# [TASK OBJECTIVE]
Leaving out the pictures, return word for word the stretch of entries below from the line holding "Choose the language" through the line holding "Коли ми передавали".

# [RECORDS SHOWN]
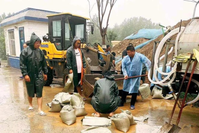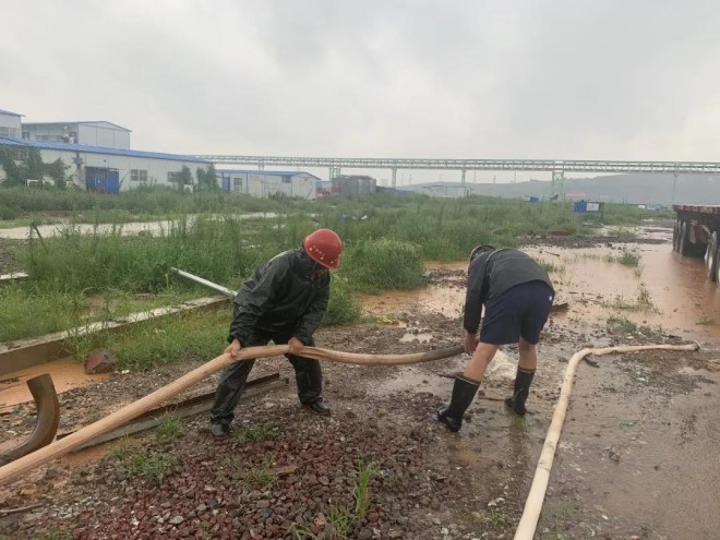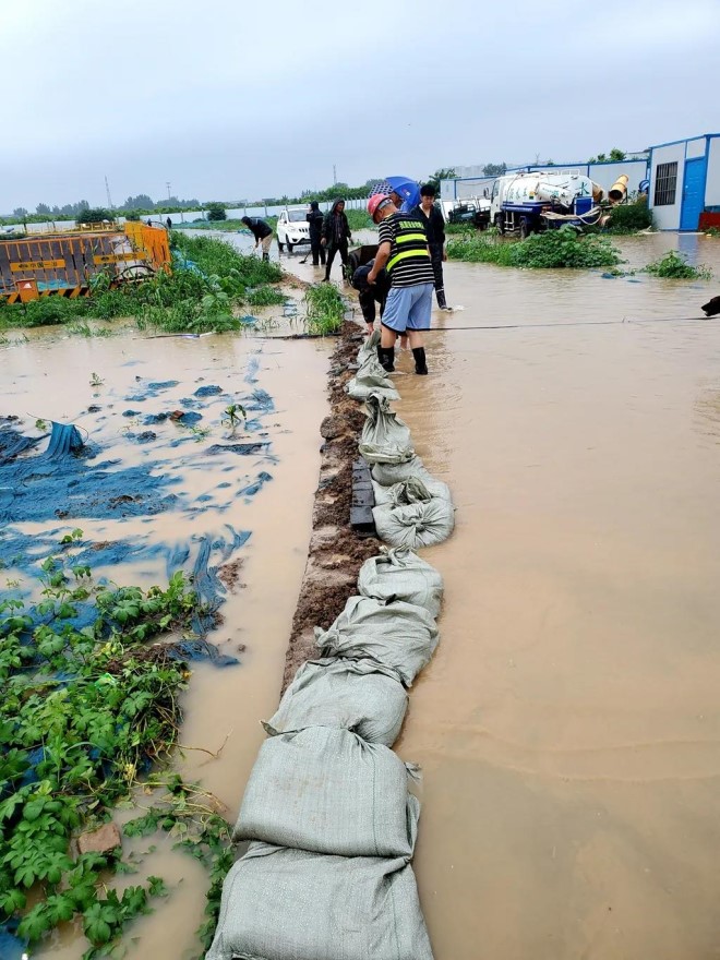 中冶天工迅速成立河南片區(qū)防汛應急現(xiàn)場指揮部,第一時間對河南片區(qū)項目防汛抗災工作進行安排部署,并建立防汛應急工作群,以便于實時跟蹤對接現(xiàn)場情況,全力確保項目人員及周邊群眾的生命安全。河南洛陽孟津項目部緊急采購了止水沙袋、排水泵、排水帶、雨衣、雨鞋等應急物資,發(fā)出請戰(zhàn)書,隨時做好應急救援準備;周口片區(qū)各項目部緊急成立24小時在崗值守搶險救援小隊,從嚴全面持續(xù)開展安全隱患排查和處置工作,以飽滿的精神、昂揚的斗志備戰(zhàn)各項工作,共同守護人民群眾生命財產安全;河南鶴壁碧桂園項目第一時間成立黨員突擊隊,面對鶴壁浚縣及周邊相鄰村鎮(zhèn)衛(wèi)河鶴壁新鎮(zhèn)段決堤,河水涌入附近村莊,項目突擊隊加緊時間加工制作鋼筋籠,圍堵堤口,最大程度阻止泄洪,保障當?shù)鼐用竦纳敭a安全。
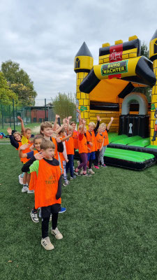 Mit viel Spaß und Bewegung genossen die Rückertschüler gemeinsam mit der Elisabethschule den Trixitt Sporttag auf der Illoshöhe. Trixitt- das ist eine Sportschule aus Bochum, die sich zum Ziel gesetzt hat, Schulen zu bewegen- und das war vollständig gelungen! Mit Bewegungsliedern, aufblasbaren Sportstationen und lustigen Wettkämpfen hat die gesamte Rückertschulgemeinschaft einen unvergessenen Sporttag erlebt! Weitere Infos zu Trixitt gibt es hier.
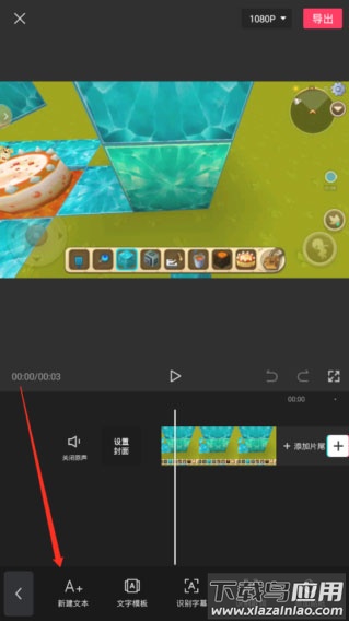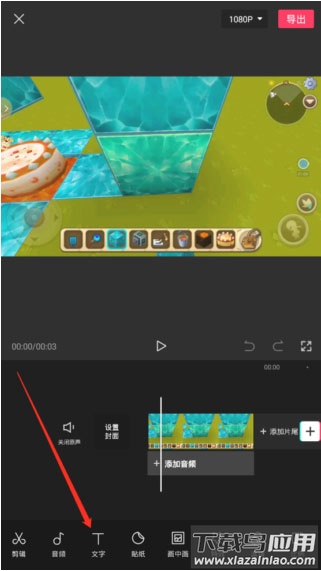 3. 在视频编辑界面下方找到并点击“文字”功能。
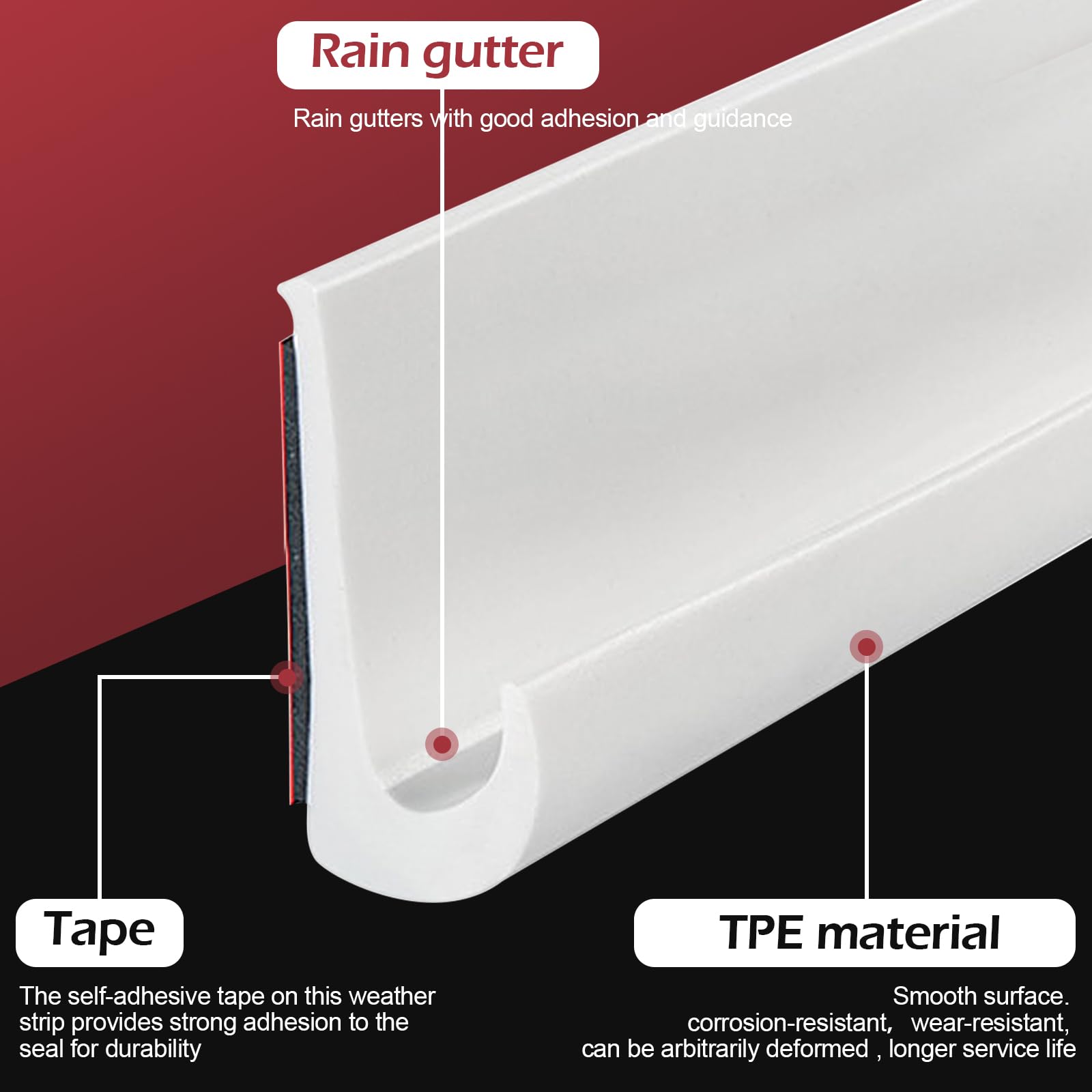 Schluss mit tropfendem Regenwasser! Diese J-förmige Regenrinne aus PVC leitet Wasser einfach und effektiv ab. Mit starkem Klebeband auf der Rückseite - einfach messen, schneiden, Schutzfolie abziehen und auf saubere, trockene Flächen drücken. Hält an Autotüren, Wohnmobilen, Booten und sogar an Hausdächern. In verschiedenen Längen von 1-20 Meter erhältlich. Korrosionsbeständig und extrem langlebig. Einfache Lösung für ein lästiges Problem!
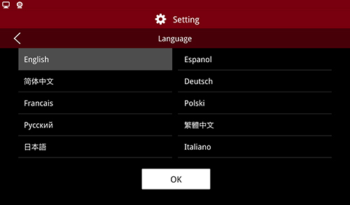 Choose the language applied to your printer. Options are available in English, simplified Chinese, French, Russian, Japanese, Spanish, Polish, Traditional Chinese and Italian.
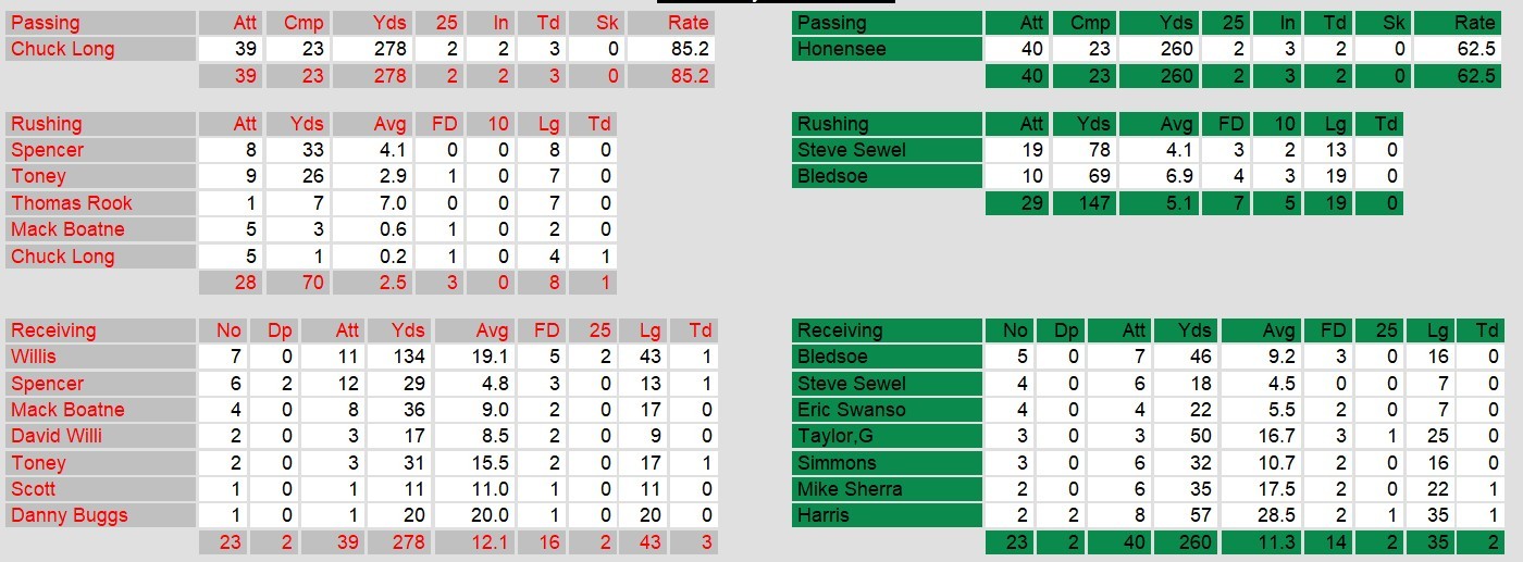 Dateline: Sunday, March 24, 1986. Chicago took care of business on the road against Washington in a battle between two teams who are trying to find some wins. Chicago quarterback Chuck Long provided all of the scoring with four touchdown passes. The game showed the promise that Chicago saw in Long when they took him to lead their team.
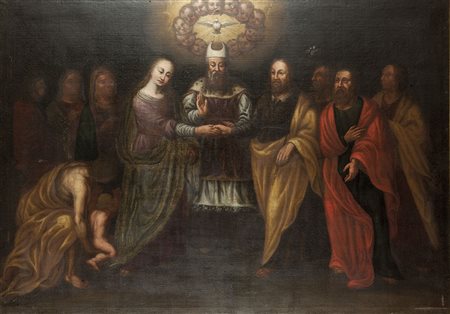 PITTORE ANONIMO DEL '600 "Lo sposalizio della Vergine" 97x136 olio su tela (piccoli restauri)
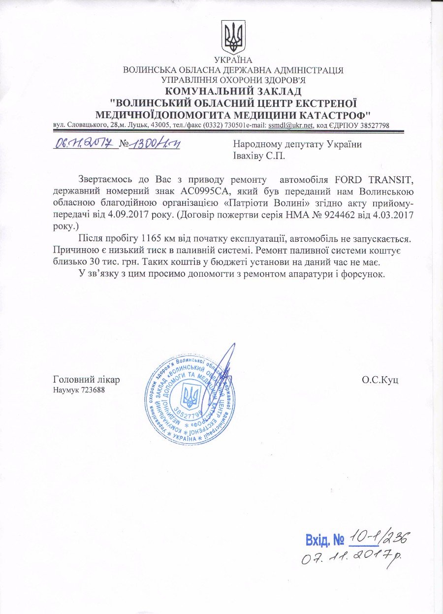Коли ми передавали Ford Центру, то пообіцяли: всі витрати на його ремонт в разі потреби наш фонд бере на себе.
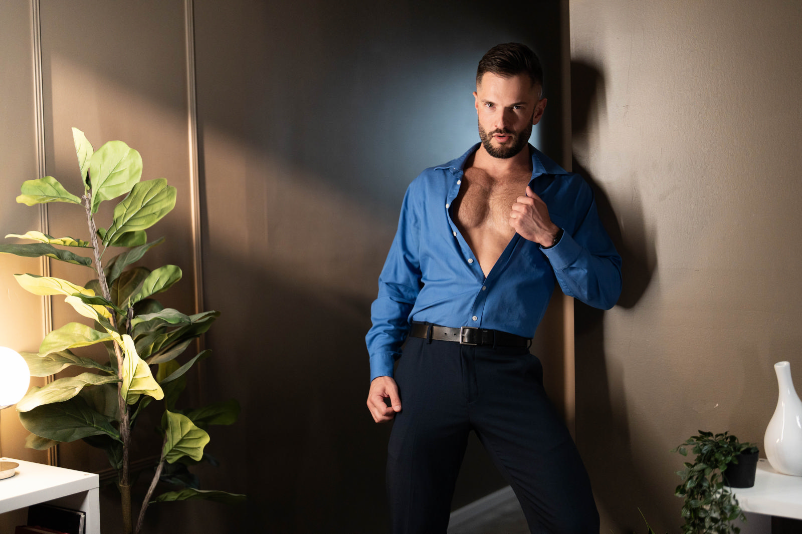 Holden Beau gets his new employee Zac Barrett settled in the office, and he realizes he’d like to see more of him, so he cranks the thermostat up to 90 and waits! It’s not long before Zac starts sweating at his desk, and Holden sneaks back to peek at the hunk with his shirt unbuttoned. When Holden catches him with his pants unzipped, Zac realizes his boss turned up the heat and why, and he’s not mad when Holden sucks his cock. Zac tongues his boss and fucks him, then Holden rides him on his new desk. Zac drills his new boss in doggystyle and on his back till both the sweaty guys cum!

# [WRITTEN RESPONSE]
 Choose the language applied to your printer. Options are available in English, simplified Chinese, French, Russian, Japanese, Spanish, Polish, Traditional Chinese and Italian.
 Dateline: Sunday, March 24, 1986. Chicago took care of business on the road against Washington in a battle between two teams who are trying to find some wins. Chicago quarterback Chuck Long provided all of the scoring with four touchdown passes. The game showed the promise that Chicago saw in Long when they took him to lead their team.
 PITTORE ANONIMO DEL '600 "Lo sposalizio della Vergine" 97x136 olio su tela (piccoli restauri)
Коли ми передавали Ford Центру, то пообіцяли: всі витрати на його ремонт в разі потреби наш фонд бере на себе.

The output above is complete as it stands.